● **PROMPT**: Every line below from the one with "The RAV4 Adventure's" through the one with "Þökk sé mjúkri" should be retyped exactly, both ends included; no other lines and no pictures.

● **AVAILABLE DATA**:
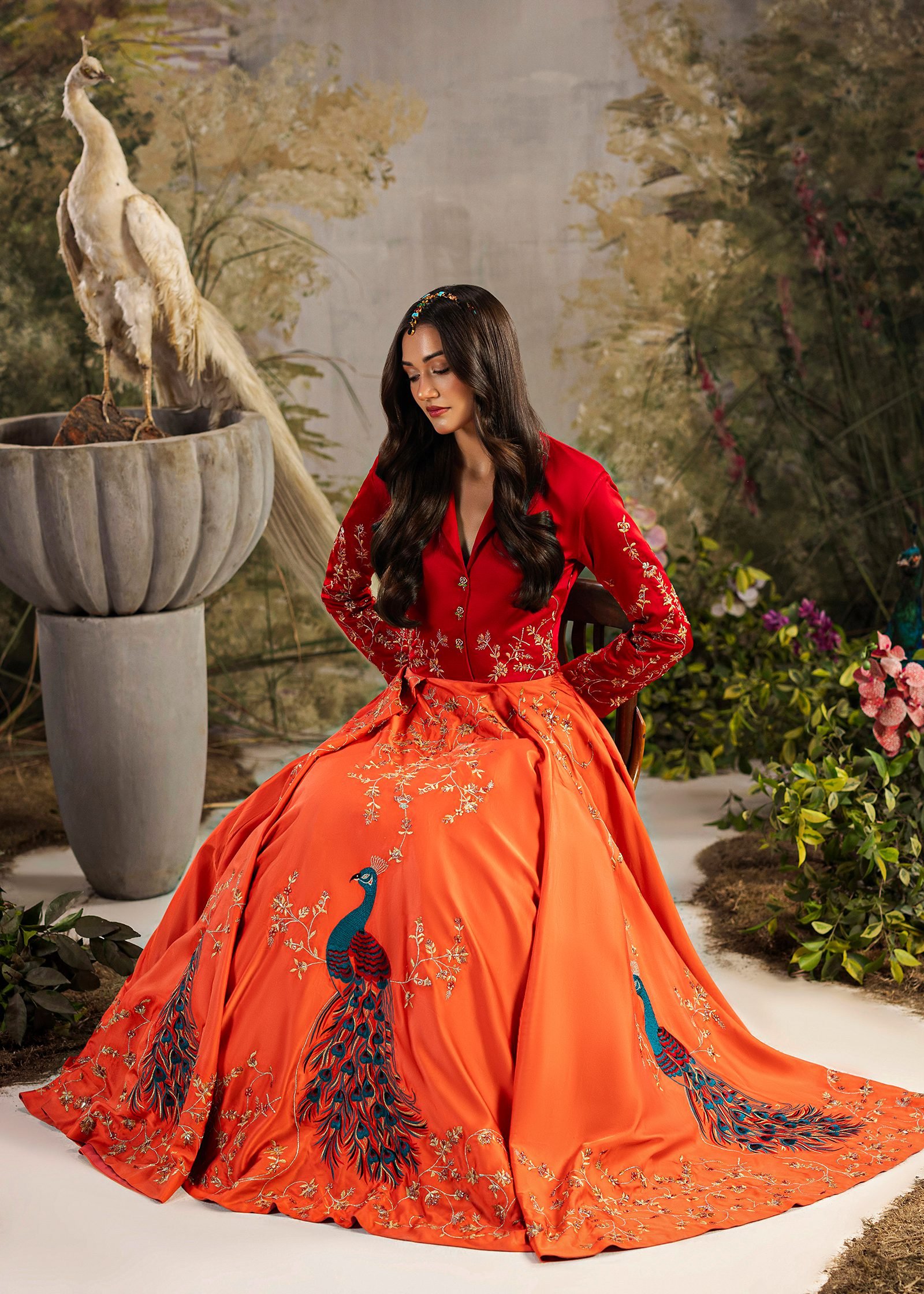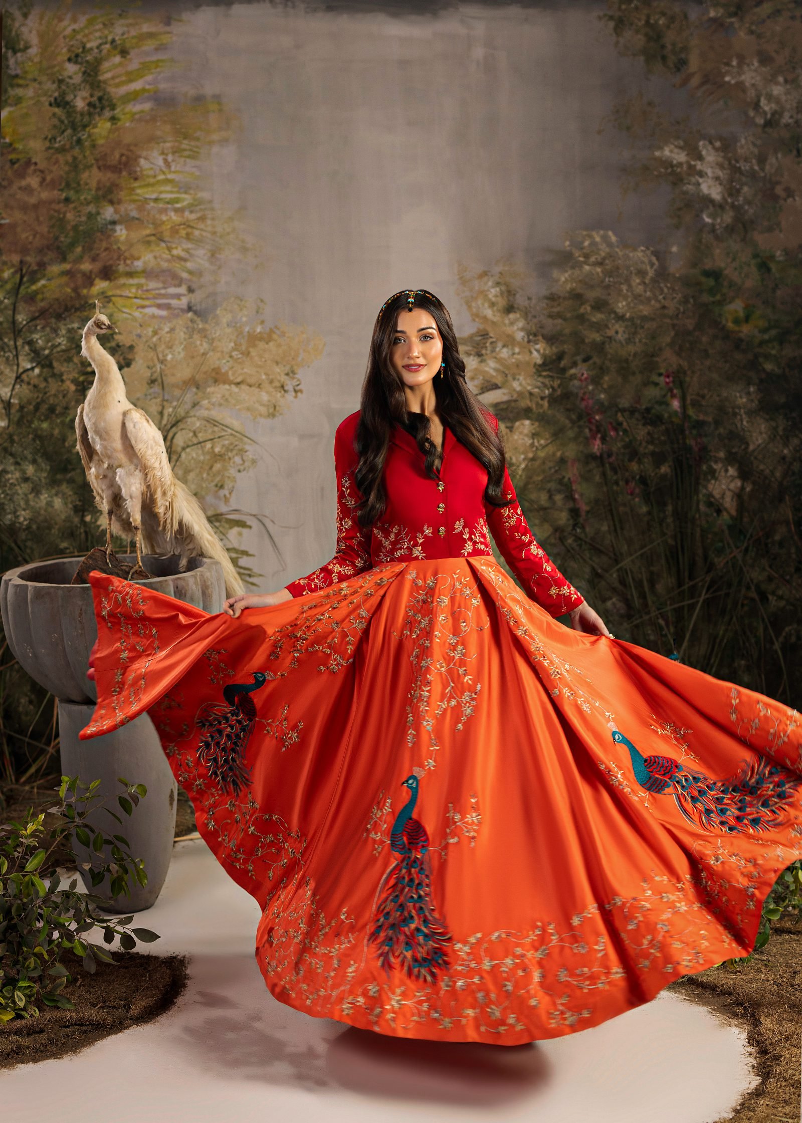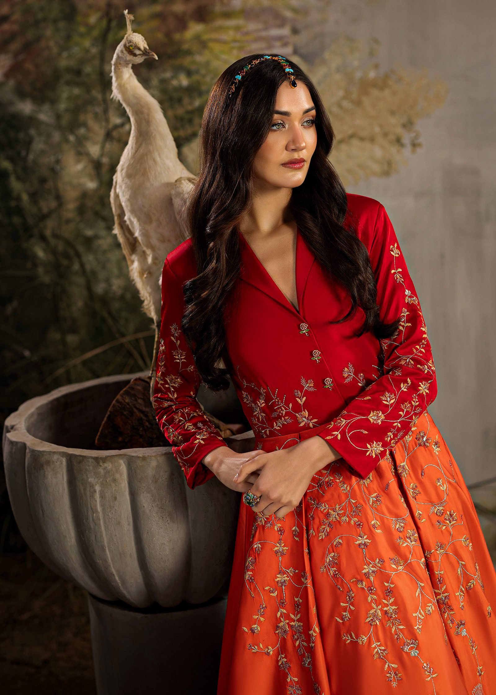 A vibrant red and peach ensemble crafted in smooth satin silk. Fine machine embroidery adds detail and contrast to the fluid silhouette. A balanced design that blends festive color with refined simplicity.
--
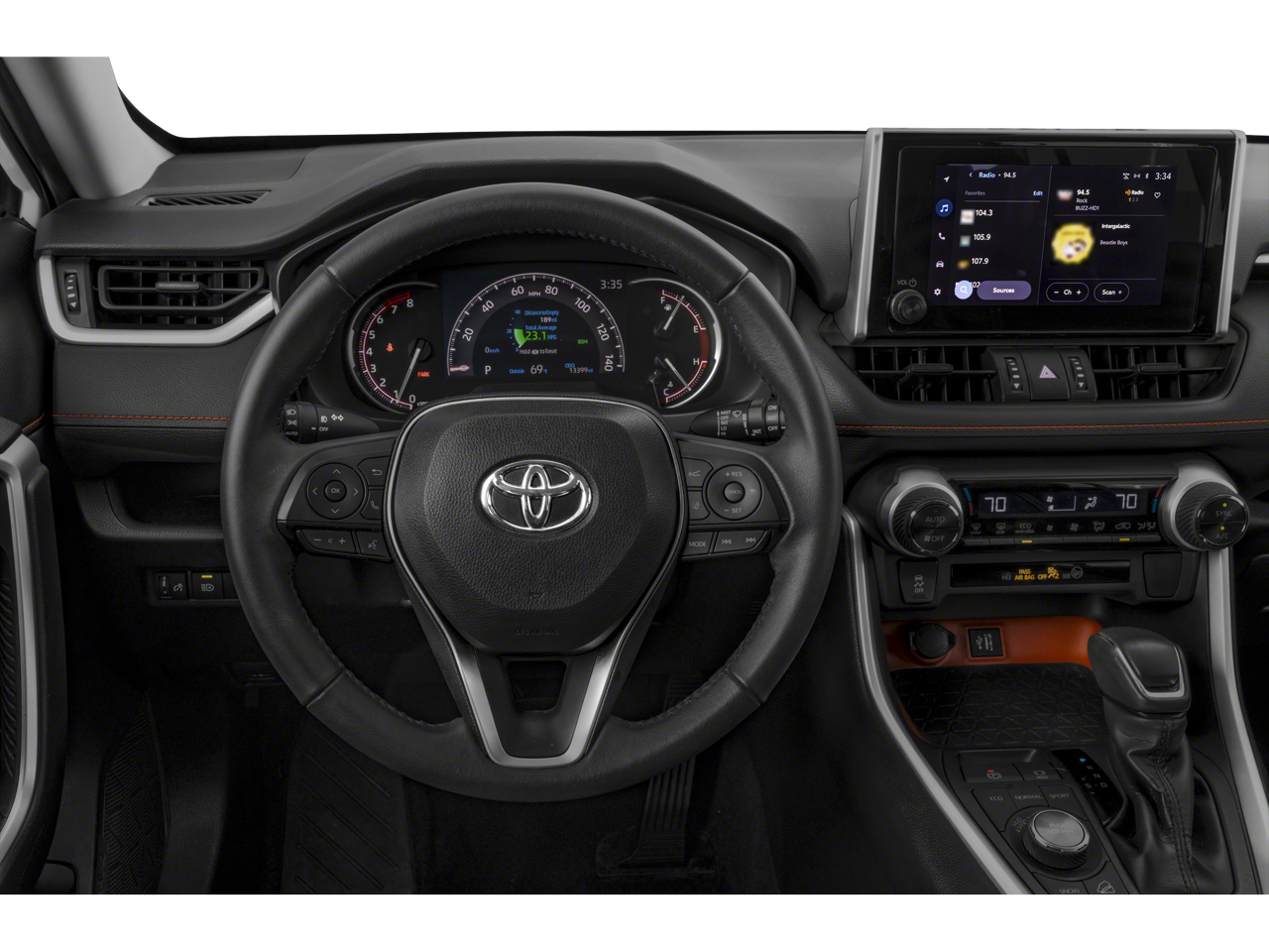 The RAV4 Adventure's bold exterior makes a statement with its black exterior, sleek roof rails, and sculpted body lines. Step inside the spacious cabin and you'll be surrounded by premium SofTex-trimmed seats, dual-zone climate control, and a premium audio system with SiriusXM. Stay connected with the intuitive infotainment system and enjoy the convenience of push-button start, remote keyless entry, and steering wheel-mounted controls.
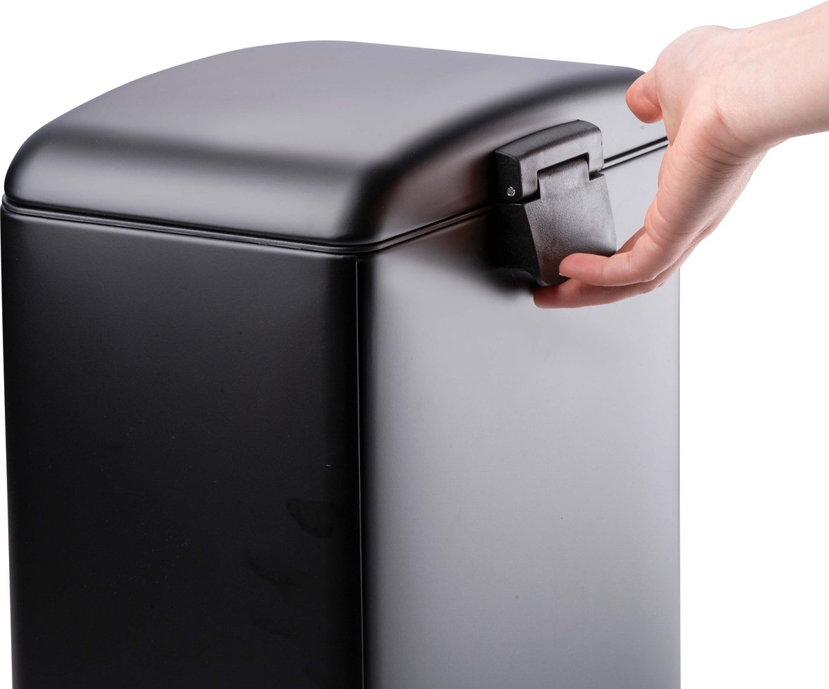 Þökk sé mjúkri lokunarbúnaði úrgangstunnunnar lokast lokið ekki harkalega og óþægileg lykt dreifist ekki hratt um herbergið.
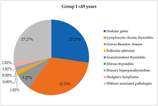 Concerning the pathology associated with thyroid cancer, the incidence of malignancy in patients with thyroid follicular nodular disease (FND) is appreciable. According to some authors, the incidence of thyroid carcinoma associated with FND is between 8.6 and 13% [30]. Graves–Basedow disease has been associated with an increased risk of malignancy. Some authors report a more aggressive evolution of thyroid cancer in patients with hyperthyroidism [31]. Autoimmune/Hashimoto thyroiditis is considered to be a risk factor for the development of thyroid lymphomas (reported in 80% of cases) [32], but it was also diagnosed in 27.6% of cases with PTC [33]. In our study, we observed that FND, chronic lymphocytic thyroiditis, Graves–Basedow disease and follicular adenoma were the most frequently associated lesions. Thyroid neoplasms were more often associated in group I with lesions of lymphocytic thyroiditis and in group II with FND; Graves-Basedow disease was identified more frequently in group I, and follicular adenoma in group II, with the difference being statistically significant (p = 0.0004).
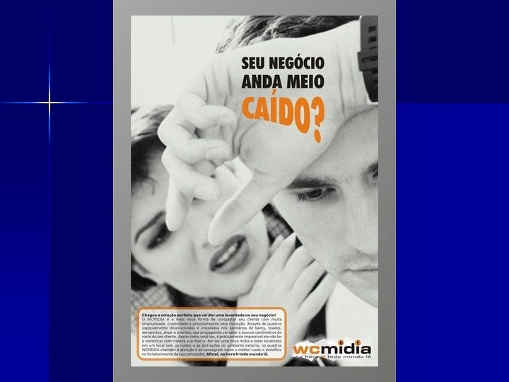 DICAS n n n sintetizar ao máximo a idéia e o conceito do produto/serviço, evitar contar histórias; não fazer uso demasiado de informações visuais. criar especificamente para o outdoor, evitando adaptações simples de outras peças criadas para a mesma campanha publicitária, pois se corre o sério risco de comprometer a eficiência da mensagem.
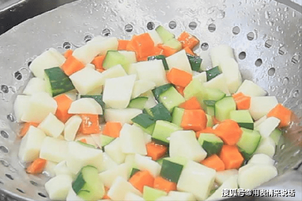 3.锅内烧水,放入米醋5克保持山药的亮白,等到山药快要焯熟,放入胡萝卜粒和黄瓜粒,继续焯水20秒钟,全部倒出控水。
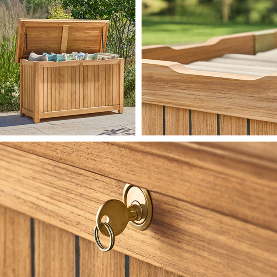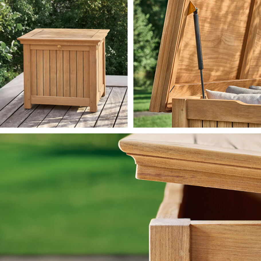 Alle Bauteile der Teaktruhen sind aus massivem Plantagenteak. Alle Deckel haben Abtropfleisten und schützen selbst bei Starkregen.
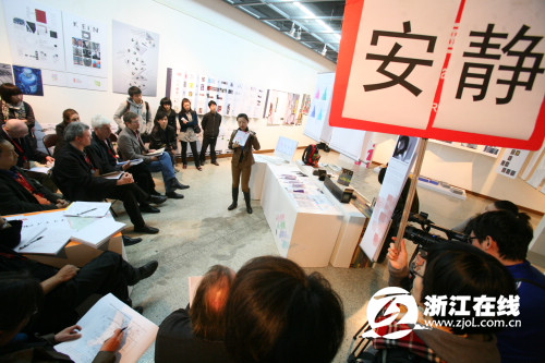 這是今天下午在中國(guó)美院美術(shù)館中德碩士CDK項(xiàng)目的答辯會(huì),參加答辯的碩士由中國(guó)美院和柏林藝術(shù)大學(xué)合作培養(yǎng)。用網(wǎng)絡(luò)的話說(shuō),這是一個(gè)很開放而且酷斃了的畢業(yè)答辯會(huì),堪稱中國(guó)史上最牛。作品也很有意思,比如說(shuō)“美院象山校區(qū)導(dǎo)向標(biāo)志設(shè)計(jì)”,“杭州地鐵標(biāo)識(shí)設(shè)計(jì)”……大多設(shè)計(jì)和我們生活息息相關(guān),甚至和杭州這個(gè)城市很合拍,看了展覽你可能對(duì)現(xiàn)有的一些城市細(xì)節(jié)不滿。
--
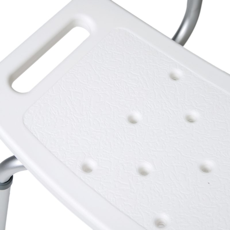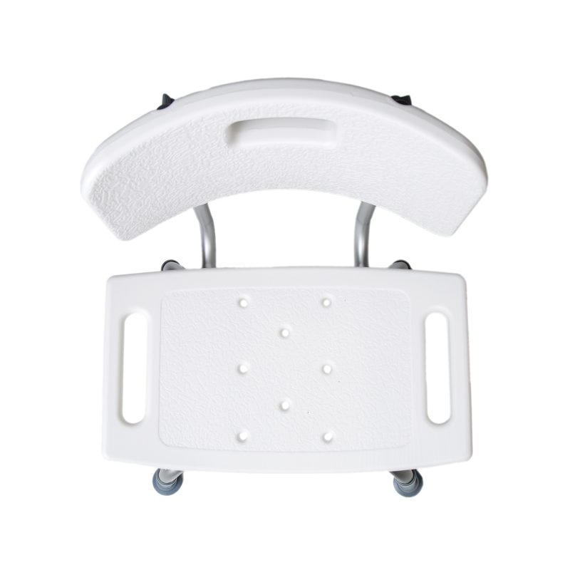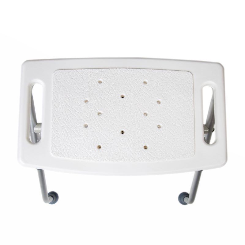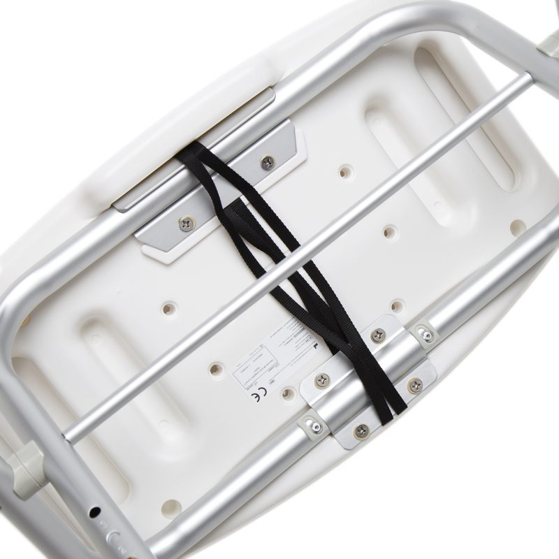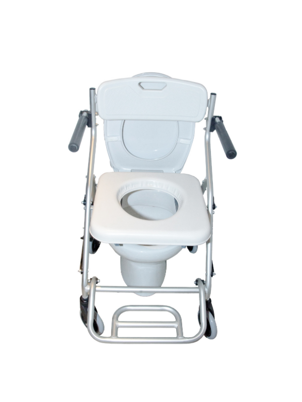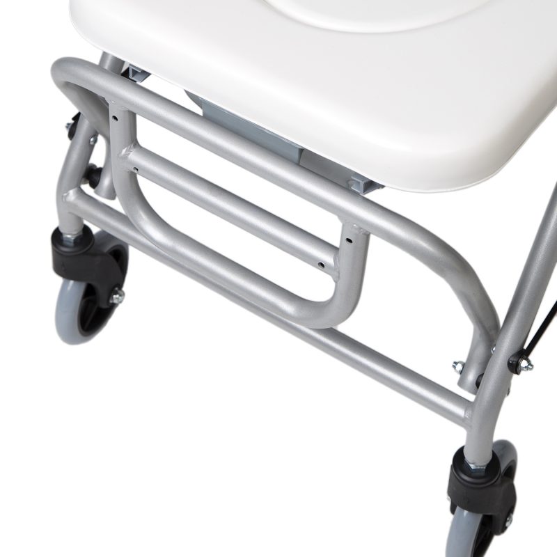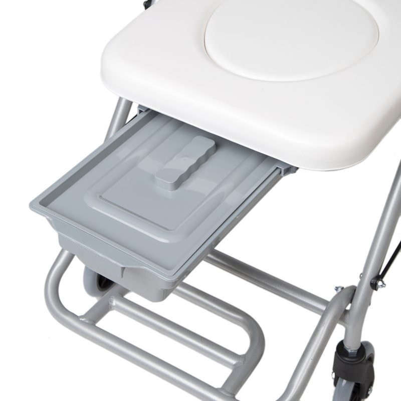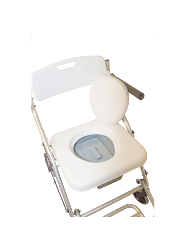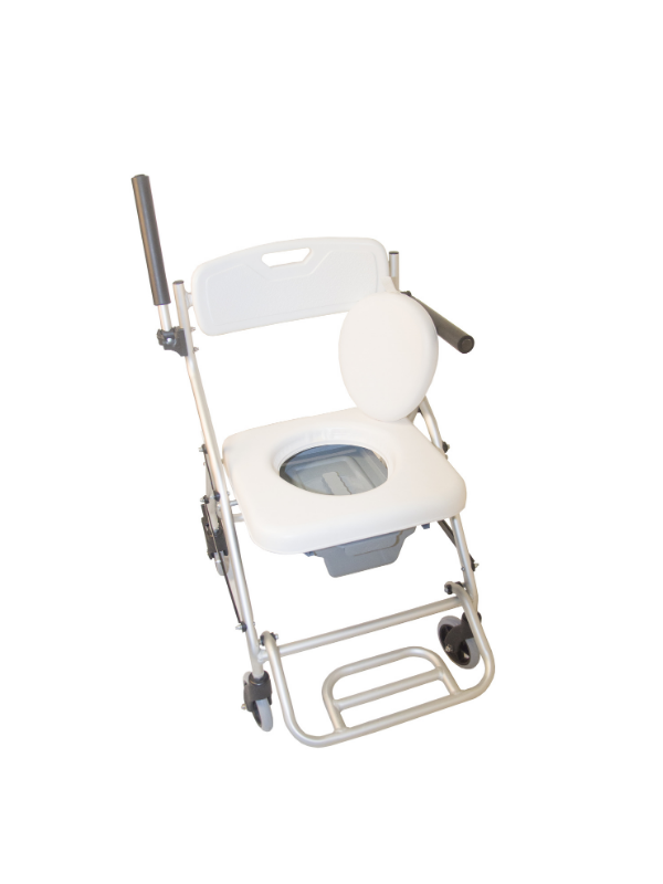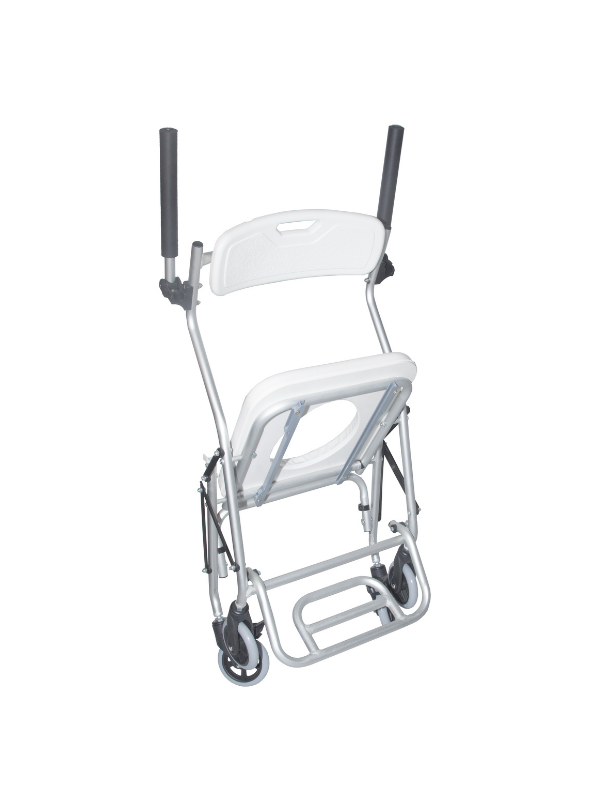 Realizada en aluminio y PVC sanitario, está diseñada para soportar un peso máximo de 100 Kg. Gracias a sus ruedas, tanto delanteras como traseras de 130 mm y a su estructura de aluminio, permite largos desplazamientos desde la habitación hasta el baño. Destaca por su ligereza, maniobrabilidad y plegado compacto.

● **EXPECTED ANSWER**:
 The RAV4 Adventure's bold exterior makes a statement with its black exterior, sleek roof rails, and sculpted body lines. Step inside the spacious cabin and you'll be surrounded by premium SofTex-trimmed seats, dual-zone climate control, and a premium audio system with SiriusXM. Stay connected with the intuitive infotainment system and enjoy the convenience of push-button start, remote keyless entry, and steering wheel-mounted controls.
 Þökk sé mjúkri lokunarbúnaði úrgangstunnunnar lokast lokið ekki harkalega og óþægileg lykt dreifist ekki hratt um herbergið.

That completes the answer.